Work order: A line below contains "3、找到【EViews13I", and a later one contains "This P.T.O. shaft". Repeat both, with every line between them, exactly.
START Provided records
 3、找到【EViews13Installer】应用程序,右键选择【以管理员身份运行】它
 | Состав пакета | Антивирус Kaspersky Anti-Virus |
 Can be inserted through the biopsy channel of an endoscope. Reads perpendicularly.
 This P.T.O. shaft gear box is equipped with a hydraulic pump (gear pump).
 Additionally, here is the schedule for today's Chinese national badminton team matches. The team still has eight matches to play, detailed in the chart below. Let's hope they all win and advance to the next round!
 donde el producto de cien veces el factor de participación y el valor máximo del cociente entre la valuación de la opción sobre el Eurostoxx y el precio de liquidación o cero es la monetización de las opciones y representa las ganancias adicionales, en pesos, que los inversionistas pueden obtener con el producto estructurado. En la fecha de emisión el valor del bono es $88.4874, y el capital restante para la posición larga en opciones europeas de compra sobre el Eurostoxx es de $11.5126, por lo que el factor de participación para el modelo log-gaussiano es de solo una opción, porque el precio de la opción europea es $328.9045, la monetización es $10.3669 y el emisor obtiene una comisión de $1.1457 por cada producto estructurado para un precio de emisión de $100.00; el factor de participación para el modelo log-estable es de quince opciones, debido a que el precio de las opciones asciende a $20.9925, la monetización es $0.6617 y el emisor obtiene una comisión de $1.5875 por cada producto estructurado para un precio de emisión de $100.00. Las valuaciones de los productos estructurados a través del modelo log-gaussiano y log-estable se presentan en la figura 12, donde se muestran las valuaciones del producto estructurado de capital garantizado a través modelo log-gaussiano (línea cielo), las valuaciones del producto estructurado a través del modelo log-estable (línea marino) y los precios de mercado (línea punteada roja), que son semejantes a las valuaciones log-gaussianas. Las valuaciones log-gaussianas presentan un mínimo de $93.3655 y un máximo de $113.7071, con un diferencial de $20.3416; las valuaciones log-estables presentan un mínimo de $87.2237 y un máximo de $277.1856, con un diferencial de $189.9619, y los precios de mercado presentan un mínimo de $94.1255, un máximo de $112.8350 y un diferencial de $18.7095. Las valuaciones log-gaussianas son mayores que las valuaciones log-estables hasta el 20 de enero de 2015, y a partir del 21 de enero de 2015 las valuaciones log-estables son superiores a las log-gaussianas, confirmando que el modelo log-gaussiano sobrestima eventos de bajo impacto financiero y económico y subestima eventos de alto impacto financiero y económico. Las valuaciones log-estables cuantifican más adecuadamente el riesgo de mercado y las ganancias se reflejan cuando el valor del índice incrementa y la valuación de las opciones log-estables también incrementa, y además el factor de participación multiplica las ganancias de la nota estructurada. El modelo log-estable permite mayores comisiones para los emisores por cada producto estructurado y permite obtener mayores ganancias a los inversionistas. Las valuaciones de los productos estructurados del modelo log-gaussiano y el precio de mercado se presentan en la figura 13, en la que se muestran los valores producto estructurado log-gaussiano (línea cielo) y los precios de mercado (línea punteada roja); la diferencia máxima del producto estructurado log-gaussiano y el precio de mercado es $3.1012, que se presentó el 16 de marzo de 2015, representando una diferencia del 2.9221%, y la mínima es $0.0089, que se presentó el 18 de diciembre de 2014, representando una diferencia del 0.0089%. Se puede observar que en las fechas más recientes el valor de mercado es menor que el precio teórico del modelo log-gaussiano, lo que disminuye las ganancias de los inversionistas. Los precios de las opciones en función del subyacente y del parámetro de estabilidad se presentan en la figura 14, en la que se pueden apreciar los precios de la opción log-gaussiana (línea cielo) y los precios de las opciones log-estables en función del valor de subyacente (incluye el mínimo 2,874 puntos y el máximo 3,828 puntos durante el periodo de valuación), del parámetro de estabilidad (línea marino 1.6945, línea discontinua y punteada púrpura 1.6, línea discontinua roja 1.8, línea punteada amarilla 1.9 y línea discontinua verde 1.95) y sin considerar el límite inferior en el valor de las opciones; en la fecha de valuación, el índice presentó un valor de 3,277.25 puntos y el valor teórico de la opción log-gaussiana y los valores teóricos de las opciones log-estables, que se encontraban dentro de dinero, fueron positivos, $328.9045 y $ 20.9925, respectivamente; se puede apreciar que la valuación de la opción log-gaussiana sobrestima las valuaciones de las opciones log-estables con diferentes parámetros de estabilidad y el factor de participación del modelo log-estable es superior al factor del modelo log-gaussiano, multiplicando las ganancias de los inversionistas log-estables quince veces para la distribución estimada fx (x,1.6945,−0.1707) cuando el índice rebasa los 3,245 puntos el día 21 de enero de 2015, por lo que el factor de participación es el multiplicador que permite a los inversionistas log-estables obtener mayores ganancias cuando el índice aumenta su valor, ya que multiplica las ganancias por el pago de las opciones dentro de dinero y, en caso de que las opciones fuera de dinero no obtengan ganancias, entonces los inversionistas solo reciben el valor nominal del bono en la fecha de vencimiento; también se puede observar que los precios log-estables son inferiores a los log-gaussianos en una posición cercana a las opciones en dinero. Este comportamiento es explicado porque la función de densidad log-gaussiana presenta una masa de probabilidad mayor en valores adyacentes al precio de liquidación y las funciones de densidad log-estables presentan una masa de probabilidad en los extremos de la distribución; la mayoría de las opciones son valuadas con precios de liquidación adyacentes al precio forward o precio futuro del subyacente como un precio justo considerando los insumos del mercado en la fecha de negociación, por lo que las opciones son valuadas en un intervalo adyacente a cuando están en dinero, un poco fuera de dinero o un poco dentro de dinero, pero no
END Provided records
START Provided records
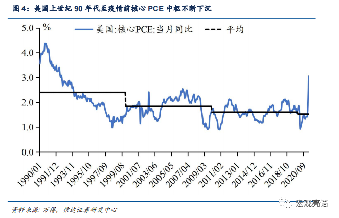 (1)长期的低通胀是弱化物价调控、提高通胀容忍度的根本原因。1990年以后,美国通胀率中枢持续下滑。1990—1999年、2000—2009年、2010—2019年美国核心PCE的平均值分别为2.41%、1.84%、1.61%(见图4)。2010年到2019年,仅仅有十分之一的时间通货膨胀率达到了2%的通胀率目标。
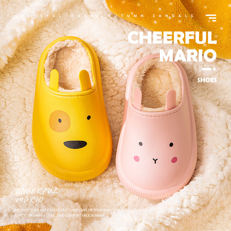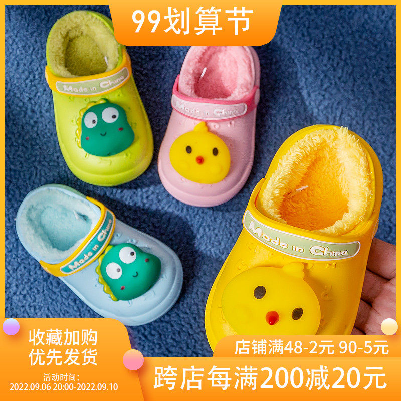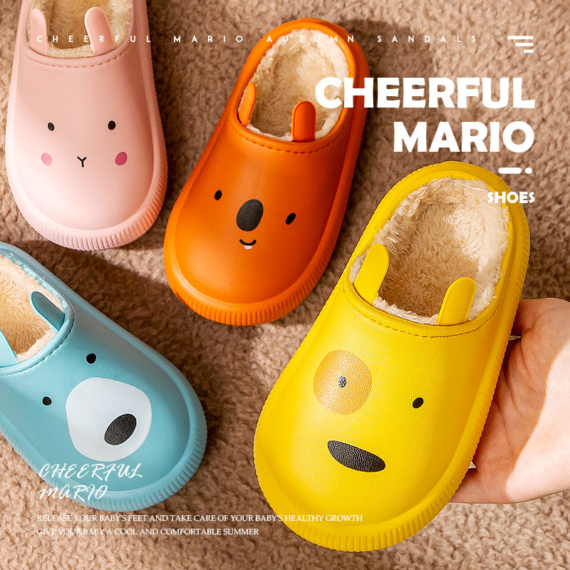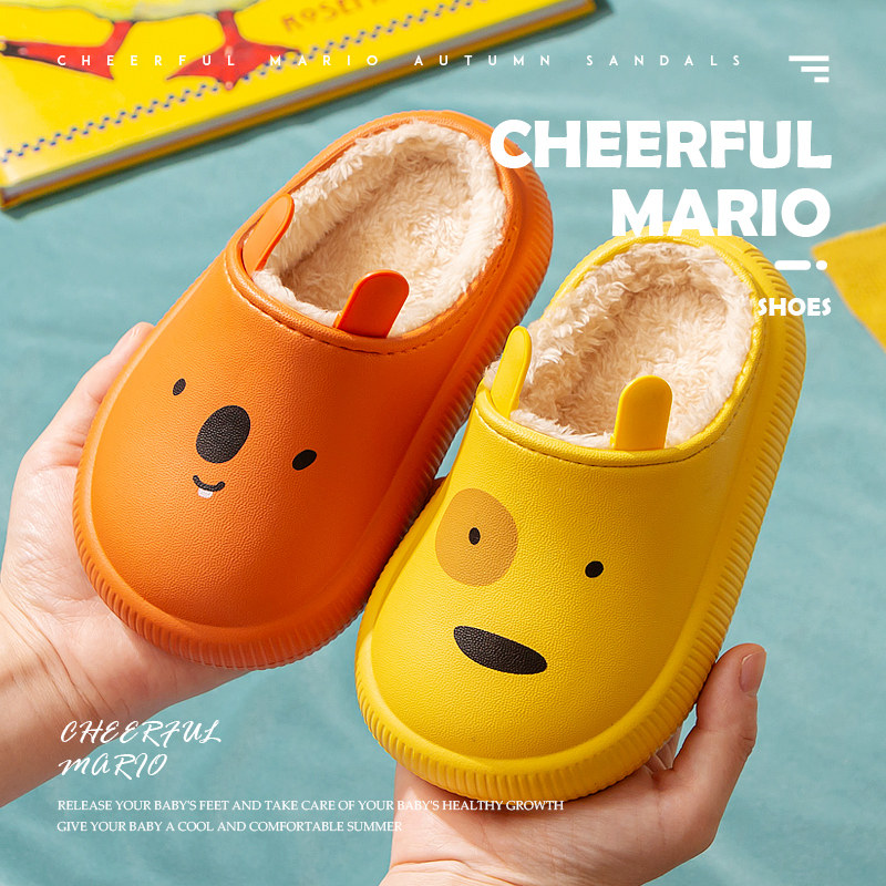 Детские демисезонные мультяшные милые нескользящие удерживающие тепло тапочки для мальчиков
END Provided records
START Provided records
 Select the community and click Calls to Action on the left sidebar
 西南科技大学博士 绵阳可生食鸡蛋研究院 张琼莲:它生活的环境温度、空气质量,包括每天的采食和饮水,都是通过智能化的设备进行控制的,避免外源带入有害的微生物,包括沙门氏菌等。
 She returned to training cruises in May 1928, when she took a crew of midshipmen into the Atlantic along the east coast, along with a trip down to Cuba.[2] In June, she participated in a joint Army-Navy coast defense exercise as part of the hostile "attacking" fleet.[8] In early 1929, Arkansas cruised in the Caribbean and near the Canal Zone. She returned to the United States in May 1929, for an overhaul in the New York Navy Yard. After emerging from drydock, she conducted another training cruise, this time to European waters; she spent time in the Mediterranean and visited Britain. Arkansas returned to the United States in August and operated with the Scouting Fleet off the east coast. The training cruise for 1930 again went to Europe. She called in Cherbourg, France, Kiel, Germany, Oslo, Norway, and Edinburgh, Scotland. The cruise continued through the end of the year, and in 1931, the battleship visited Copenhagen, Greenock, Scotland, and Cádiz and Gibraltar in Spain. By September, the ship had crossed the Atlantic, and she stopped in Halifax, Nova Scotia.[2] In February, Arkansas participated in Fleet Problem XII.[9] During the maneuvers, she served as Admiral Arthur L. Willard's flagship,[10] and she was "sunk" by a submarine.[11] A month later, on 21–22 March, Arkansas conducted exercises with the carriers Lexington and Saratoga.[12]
END Provided records
Exercise output:
 3、找到【EViews13Installer】应用程序,右键选择【以管理员身份运行】它
 | Состав пакета | Антивирус Kaspersky Anti-Virus |
 Can be inserted through the biopsy channel of an endoscope. Reads perpendicularly.
 This P.T.O. shaft gear box is equipped with a hydraulic pump (gear pump).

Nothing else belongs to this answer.